WHAT THIS TASK INVOLVES ::
Starting at the line that contains "Durante la manifestazione, in", output each line exactly as written through the end of the listing below, but leave out the pictures.

PROVIDED MATERIAL ::
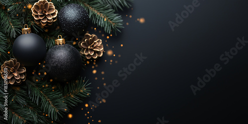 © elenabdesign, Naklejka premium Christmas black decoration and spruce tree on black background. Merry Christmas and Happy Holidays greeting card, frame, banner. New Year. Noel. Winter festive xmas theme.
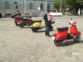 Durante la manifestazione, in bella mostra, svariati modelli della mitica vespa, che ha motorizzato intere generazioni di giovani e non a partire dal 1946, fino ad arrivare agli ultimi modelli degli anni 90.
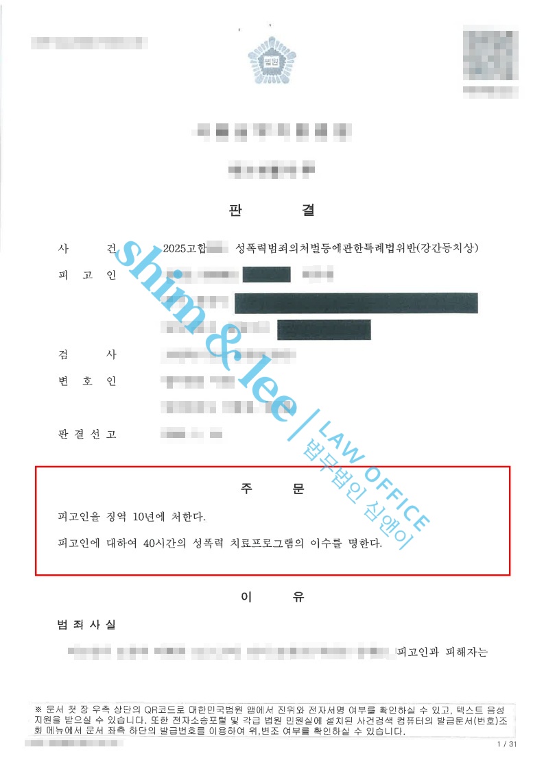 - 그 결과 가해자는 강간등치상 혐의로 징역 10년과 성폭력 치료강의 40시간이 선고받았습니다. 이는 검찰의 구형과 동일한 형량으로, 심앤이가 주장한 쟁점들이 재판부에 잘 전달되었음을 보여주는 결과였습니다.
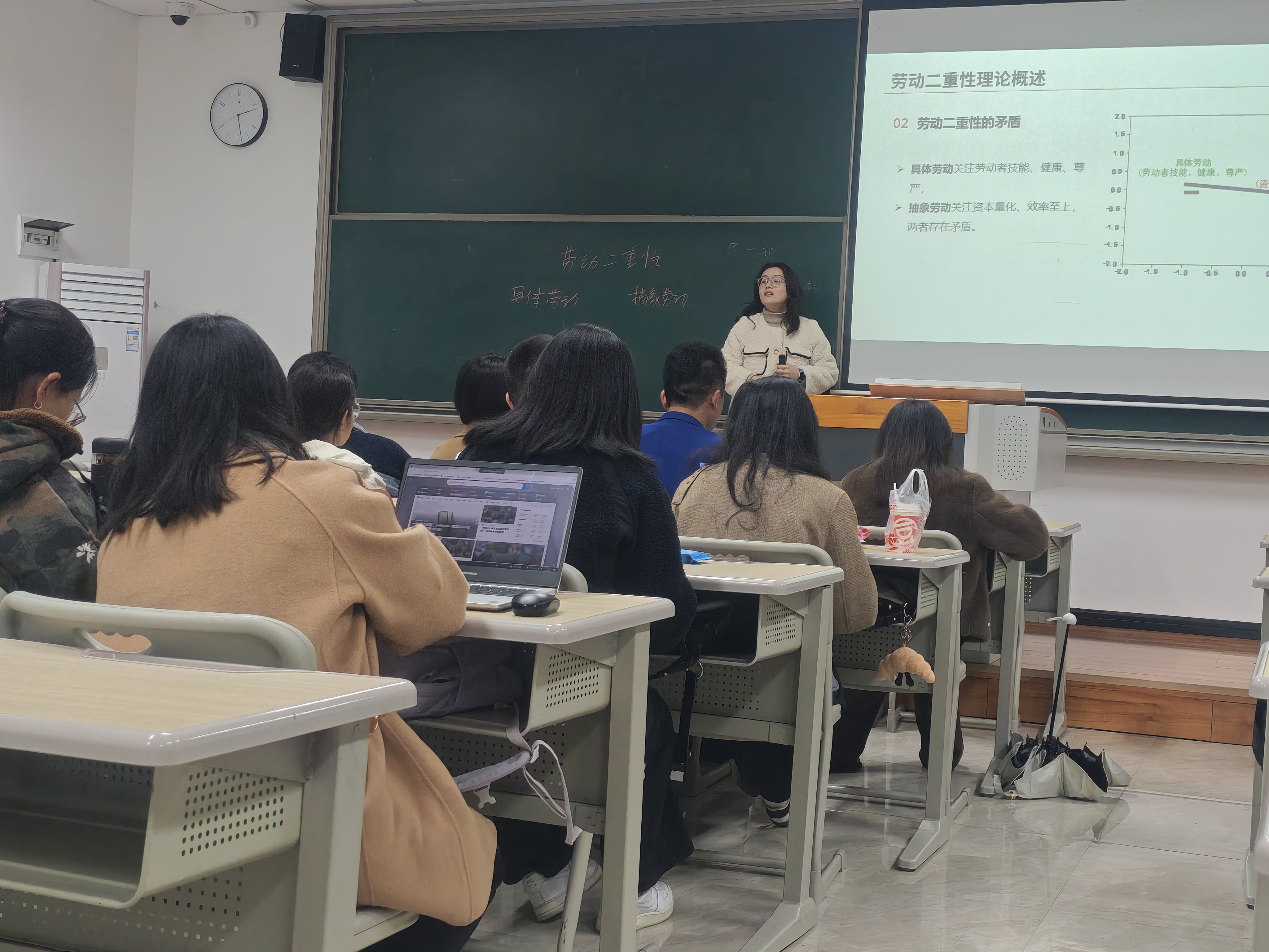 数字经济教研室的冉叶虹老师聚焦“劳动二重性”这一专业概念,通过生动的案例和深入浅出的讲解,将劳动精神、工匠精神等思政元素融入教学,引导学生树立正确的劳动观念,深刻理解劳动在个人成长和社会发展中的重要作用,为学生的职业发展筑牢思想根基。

WRITTEN SOLUTION ::
 Durante la manifestazione, in bella mostra, svariati modelli della mitica vespa, che ha motorizzato intere generazioni di giovani e non a partire dal 1946, fino ad arrivare agli ultimi modelli degli anni 90.
 - 그 결과 가해자는 강간등치상 혐의로 징역 10년과 성폭력 치료강의 40시간이 선고받았습니다. 이는 검찰의 구형과 동일한 형량으로, 심앤이가 주장한 쟁점들이 재판부에 잘 전달되었음을 보여주는 결과였습니다.
 数字经济教研室的冉叶虹老师聚焦“劳动二重性”这一专业概念,通过生动的案例和深入浅出的讲解,将劳动精神、工匠精神等思政元素融入教学,引导学生树立正确的劳动观念,深刻理解劳动在个人成长和社会发展中的重要作用,为学生的职业发展筑牢思想根基。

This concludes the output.